(Stored data)
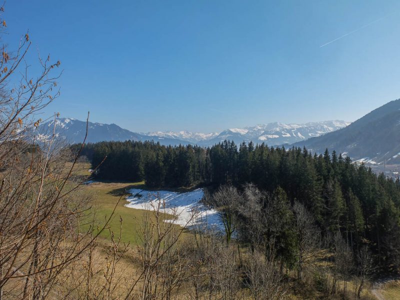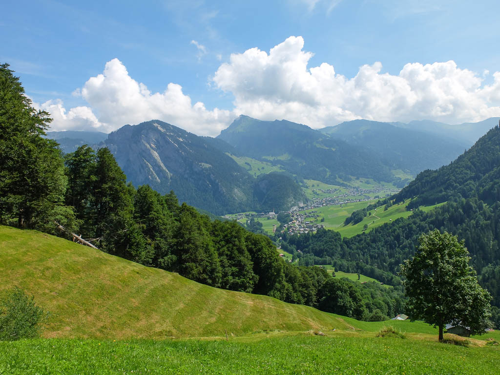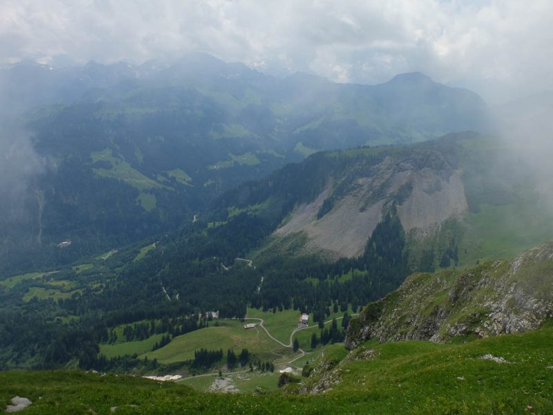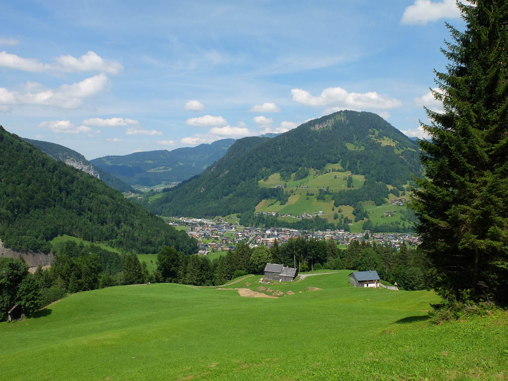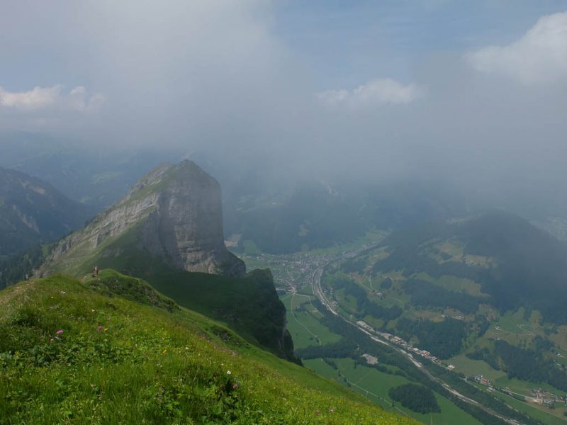 Der Blick hinunter ins Tal über den Hählesattel auf Mellau, der Felsen links im Bild ist der Hohe Stoß, einer der Nebengipfel der Kanisfluh:
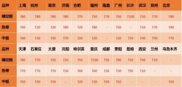 現(xiàn)貨方面,全國(guó)24個(gè)市場(chǎng)中23個(gè)市場(chǎng)上漲10-100,均價(jià)上調(diào)59;熱卷24個(gè)市場(chǎng),20個(gè)市場(chǎng)上漲10-80,均價(jià)上漲40;中板24個(gè)市場(chǎng)中20個(gè)市場(chǎng)上漲10-70,均價(jià)上調(diào)29。
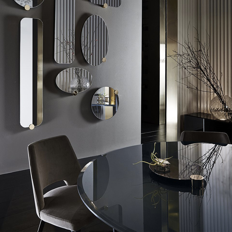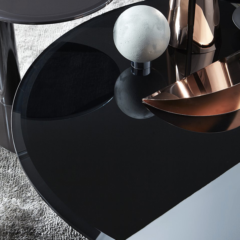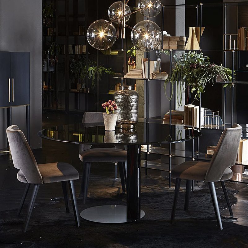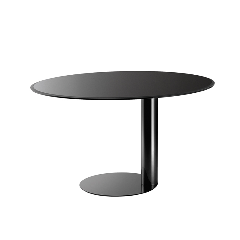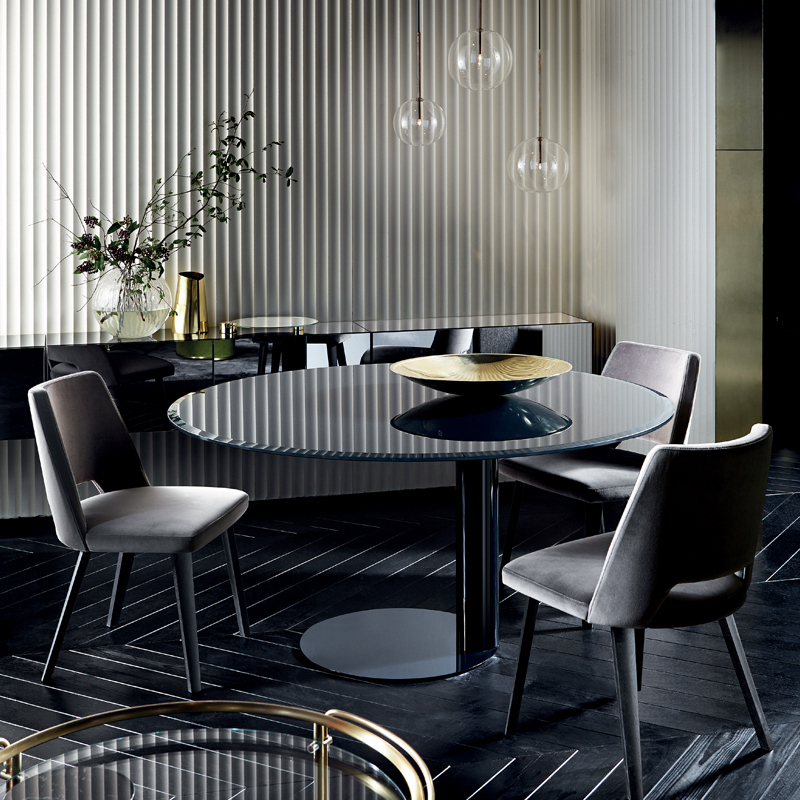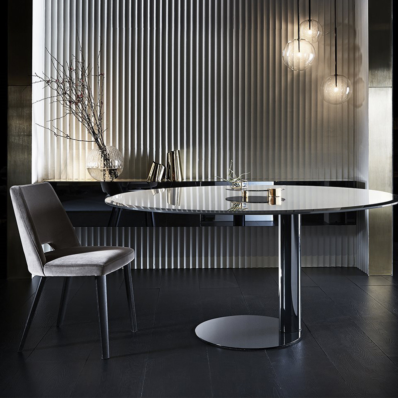 Oto est une table de repas ronde au design sculptural. Composée de formes géométriques essentielles, elle trouve son originalité dans son pied décentré qui donne une sensation visuelle de fragile équilibre. Néanmoins, sa conception et les matériaux utilisés en font une table parfaitement équilibrée et robuste. Elle est dotée d'un plateau en verre biseauté de 15 mm et verni brillant. Il est associé à une structure en métal laqué brillant. Le résultat est une table de grande qualité à la silhouette légère. S'associant avec de nombreux styles de chaises, c'est une table design qui se démarque dans tous les intérieurs contemporains.
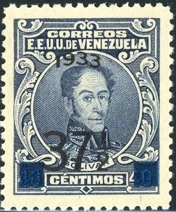 Visibility: public Image owner: none postage 1/1934 37 1/2c dpbl d=Bolivar (1924 Venezuela) ovpt=1933//value oc=blk on=1924-40c-dpbl unwmk perf=12.5 Crops No visible images cropped from this one. Measurements Resolution is unknown. Source Source name: Colnect File URL: http://i.colnect.net/b/5325/612/Simon-Bolivar.jpg Uploaded February 6, 2020, 12:38 am by Stan Shebs |
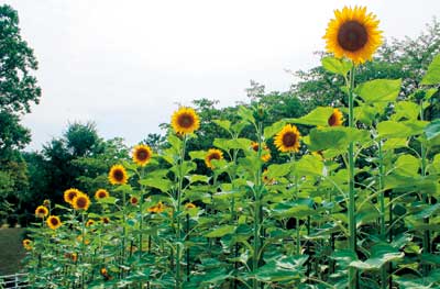 犠牲になった子どもたちを心にとどめようと、遺族らが学校近くでひまわりの世話をしており、和歌山県内でもその種を譲り受けた小学校を中心に広がっている。緑花センターにはひまわり約700本が咲くが、このうち、大川小の種から育てたのは、パノラマ花壇と東入園口近くの計約200本。2㍍以上に生長し、大きな花で来園者の視線を集める。8月上旬まで楽しめる見込み。
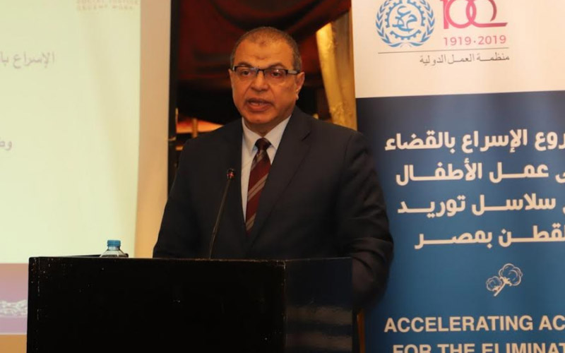 وأعرب الوزير عن تمنياته أن تؤتي ورشة العمل ثـمارها من خلال وضع تشخيص مبدئي للتحديات والحلول المناسبة حيال ظاهرة عمالة الأطفال في مصر، وتوعية أصحاب المصلحة المعنيين بدورهم في هذه القضية الشائكة، فضلا عن التعاون من كافة الجهات المشاركة للخروج بتوصيات فعالة تسهم في صياغة خطة واقعية وعملية يكون لها أثر إيجابي على أرض الواقع في مواجهة تلك المشكلة بقطاع زراعة القطن وصناعة المنسوجات والملابس الجاهزة بالدولة ،باعتبارها اللبنة الأولى في خارطة العمل في هذا المشروع .
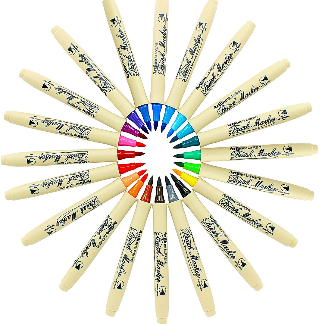 Artline Supreme Brush Marker, punta estilo pincel de color "Naranjo". Marcadores japoneses de muy alta calidad y resistencia, tiene una punta de fibra muy resistente de 1 mm de ancho. Su tinta a base de agua fluye suavemente para producir desde sombreado claro hasta trazos y líneas audaces.
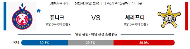 UEFA 유로파리그 8월 19일 02:00 퓨니크 : 셰리프
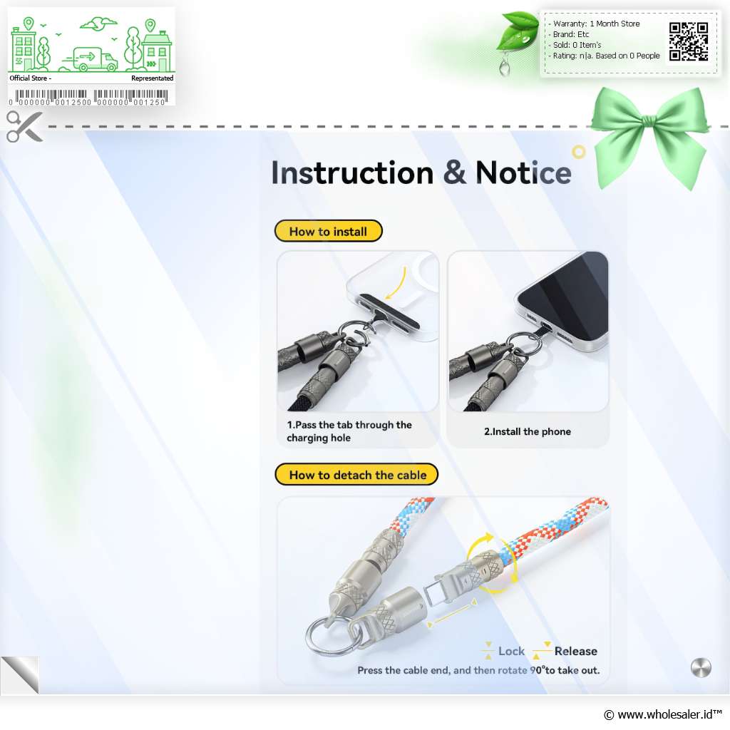 | Desain Aman, Modern, dan Mudah Dilepas Pasang Dengan sistem Quick Lock dan Quick Release, Anda cukup tekan dan putar 90 untuk memisahkan kabel. Dilengkapi T-shape tab untuk pengait ponsel yang kuat dan aman di pergelangan tangan Anda. |
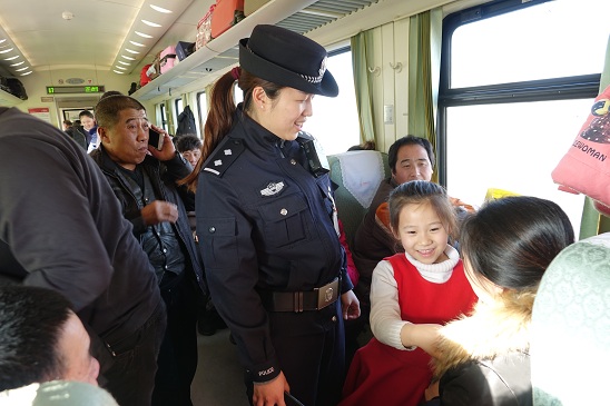 入夜,女乘警都要进入车厢轻轻提醒旅客看管好自己的行李物品;白天,她们手持小喇叭到各个车厢,以亲切流畅的语言,生动活泼的形式进行安全宣传。女乘警每个班巡视往返车厢10余次,一天下来要步行10余公里。乘客在给警组的表扬信中写道:“文明执勤服务好,治安防范旅客赞,警卫工作秩序好,行程万里保平安。”
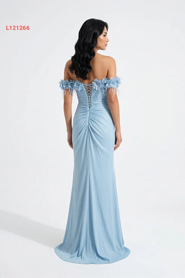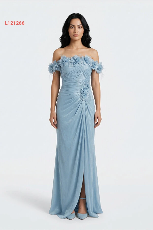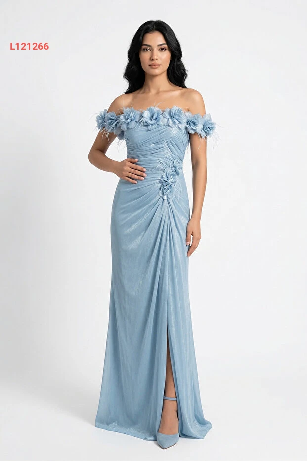 BDM Exclusive Rosaline El İşçiliği Çiçek Detaylı Drapeli Uzun Abiye عالي الجودة. مثالي للاستخدام اليومي مع متانة وتصميم ممتاز.
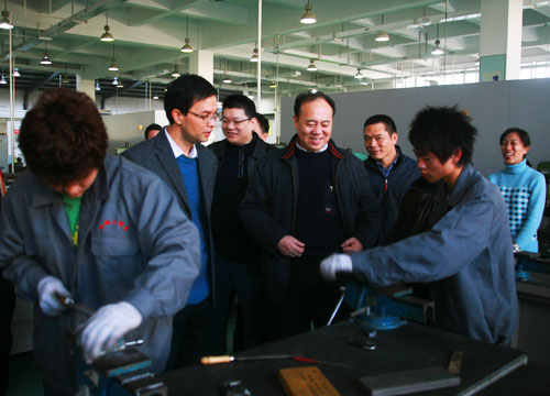 在我院行政楼三楼会议室,丁金昌院长汇报了我院近几年的发展情况。他说,温州职业技术学院现在社会声誉、影响日益扩大,使温州在中国高职教育中占有一席之地,先进的高职办学理念吸引了许多学校慕名而来参观学习。学院的示范建设得到了市领导、财政部门的重视,现学校正全力打造高职教育的“温州模式”,为温州经济建设做出贡献。李步鸣局长听取了工作汇报后,对学院的建设和发展给予充分肯定。他指出,学校好不好,关键看学生,温职院培养的学生定位很准确,校企合作、工学结合的办学模式很有特色。同时,李步鸣局长对我院发展前景也十分看好,他说,作为温州地方性高职院校,温职院应与社会经济发展接轨,进行多层次的人才培养,培养高级、中级不同层次的技术专家,在温州组建起职教集团,把学校办得更大,使社会影响力更大。
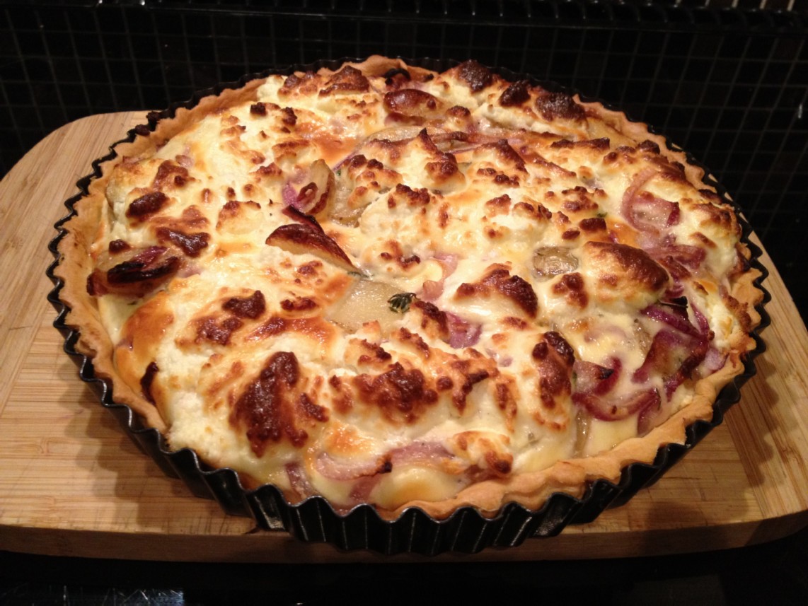 - Add garlic and thyme and season and cook for another 5 mins. Tip into pastry case with goat’s cheese.
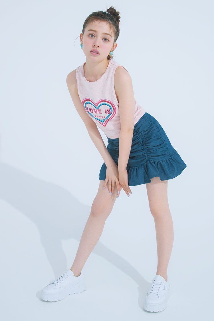 シルエットが可愛いミニスカを使ったコーデ。タンクトップやスニーカーのスポーティスタイルに、ギャザーやフリルのデザインが印象的なスカートをあわせてガーリー要素をプラス。小顔効果も期待できる大きめイヤリングで顔まわりを華やかに♡
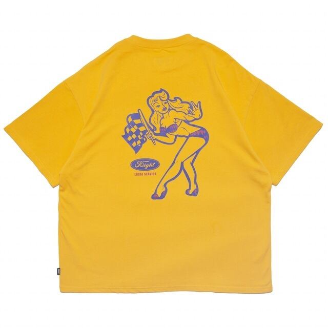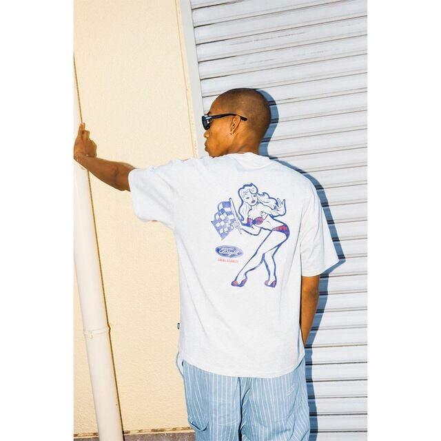 左胸とバックにプリントを施したグラフィックTシャツ。バックには、ブランドでもお馴染み RAT HOLE STUDIO描き下ろしのイラスト を大胆に配置し、POPでクセになる世界観を演出しています。デザインソースは、架空のカーディーラーのスーベニアTシャツをイメージ。どこかレトロでアメリカンな空気感をまとった、カルチャー色の強い一枚に仕上がっています。
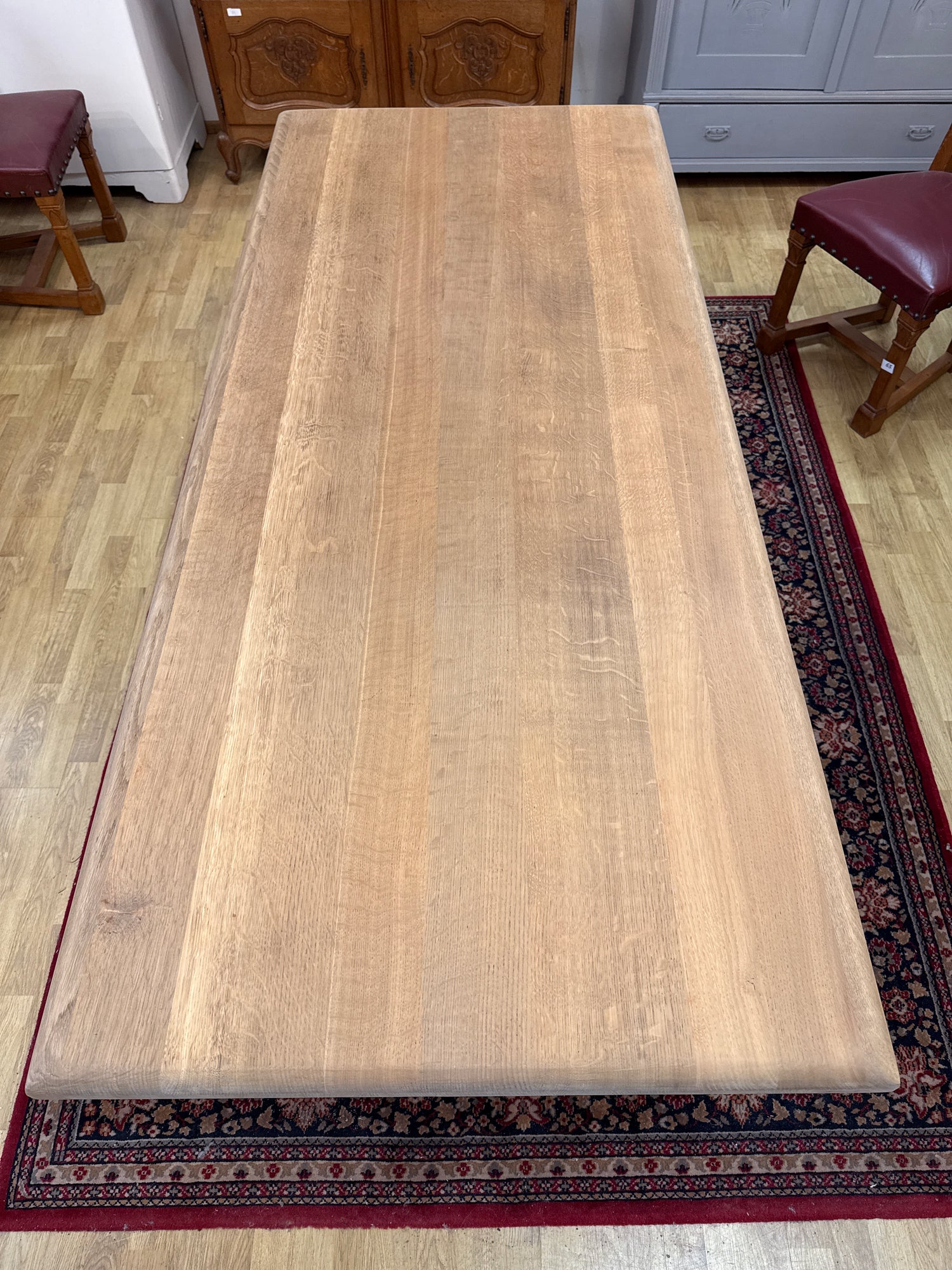 Huikea käsittelemätön tammipöytä joka kestää vähän kovempaakin nojailua. Painava ja tukeva pöytä on myös erittäin hyvä lapsiperheissä, missä pöydät saa kolhuja enemmän, vanhan tammen kova pinta pysyy hyvin siistinä ilman suurempia lommoja.

**Task objective:**
Beginning at the line that contains "シルエットが可愛いミニスカを" and ending at the last line of the data, return each line exactly; no picture belongs in the copy.

**Final answer:**
 シルエットが可愛いミニスカを使ったコーデ。タンクトップやスニーカーのスポーティスタイルに、ギャザーやフリルのデザインが印象的なスカートをあわせてガーリー要素をプラス。小顔効果も期待できる大きめイヤリングで顔まわりを華やかに♡
 左胸とバックにプリントを施したグラフィックTシャツ。バックには、ブランドでもお馴染み RAT HOLE STUDIO描き下ろしのイラスト を大胆に配置し、POPでクセになる世界観を演出しています。デザインソースは、架空のカーディーラーのスーベニアTシャツをイメージ。どこかレトロでアメリカンな空気感をまとった、カルチャー色の強い一枚に仕上がっています。
 Huikea käsittelemätön tammipöytä joka kestää vähän kovempaakin nojailua. Painava ja tukeva pöytä on myös erittäin hyvä lapsiperheissä, missä pöydät saa kolhuja enemmän, vanhan tammen kova pinta pysyy hyvin siistinä ilman suurempia lommoja.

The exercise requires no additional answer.